## WHAT YOU WILL DO
Between the line containing "Cognito 유저 풀을 선택해주자." and the line containing "截至16:00,除海珠、白云" lies a run of lines; give that run again exactly, with both of those lines, and nothing else from the entries below.

==== DATA SUPPLIED

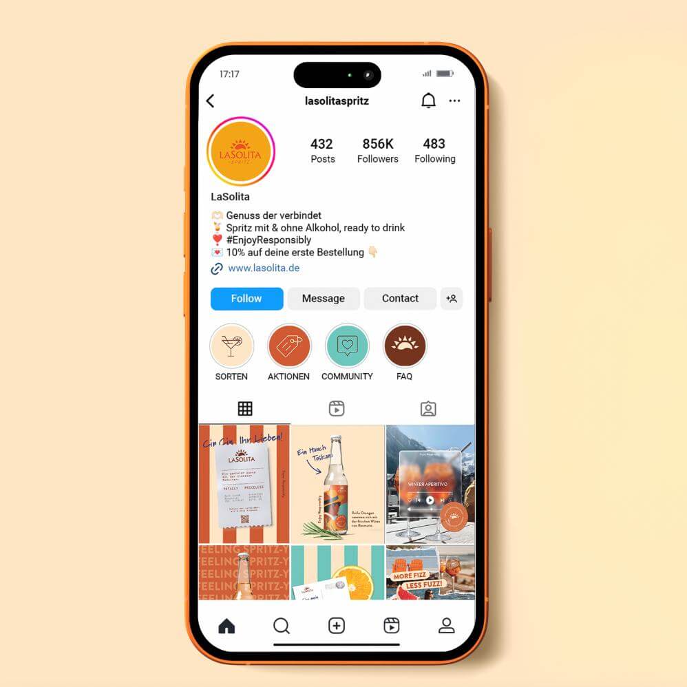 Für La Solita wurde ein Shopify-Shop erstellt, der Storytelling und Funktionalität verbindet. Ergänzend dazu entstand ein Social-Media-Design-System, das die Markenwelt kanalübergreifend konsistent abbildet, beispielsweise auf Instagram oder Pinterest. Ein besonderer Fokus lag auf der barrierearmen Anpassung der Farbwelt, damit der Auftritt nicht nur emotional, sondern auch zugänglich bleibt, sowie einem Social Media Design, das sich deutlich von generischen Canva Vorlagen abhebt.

========
==== DATA SUPPLIED

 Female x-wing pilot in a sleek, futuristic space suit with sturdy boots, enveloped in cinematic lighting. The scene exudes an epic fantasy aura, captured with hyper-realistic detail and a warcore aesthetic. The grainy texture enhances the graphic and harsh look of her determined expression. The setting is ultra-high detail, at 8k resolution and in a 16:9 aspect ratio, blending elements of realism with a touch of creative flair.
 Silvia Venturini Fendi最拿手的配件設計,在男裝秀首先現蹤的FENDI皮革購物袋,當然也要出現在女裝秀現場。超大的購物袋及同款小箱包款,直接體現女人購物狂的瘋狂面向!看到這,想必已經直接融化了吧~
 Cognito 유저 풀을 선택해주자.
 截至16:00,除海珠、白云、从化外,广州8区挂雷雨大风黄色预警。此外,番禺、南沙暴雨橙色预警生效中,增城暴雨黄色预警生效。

========
==== DATA SUPPLIED

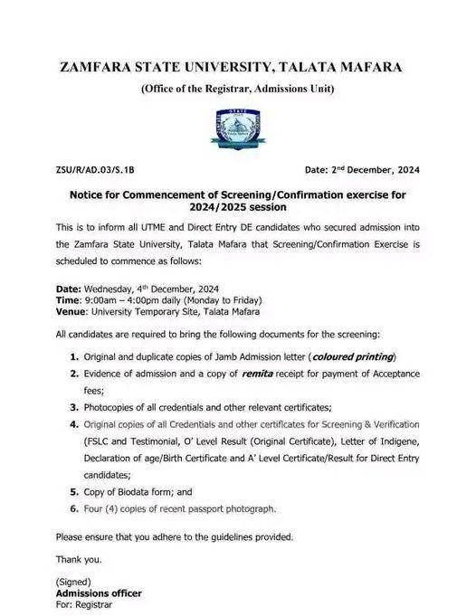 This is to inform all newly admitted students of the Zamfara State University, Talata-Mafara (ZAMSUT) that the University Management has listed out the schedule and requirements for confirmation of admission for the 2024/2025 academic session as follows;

========

## OUTPUT FOR THIS TASK
 Cognito 유저 풀을 선택해주자.
 截至16:00,除海珠、白云、从化外,广州8区挂雷雨大风黄色预警。此外,番禺、南沙暴雨橙色预警生效中,增城暴雨黄色预警生效。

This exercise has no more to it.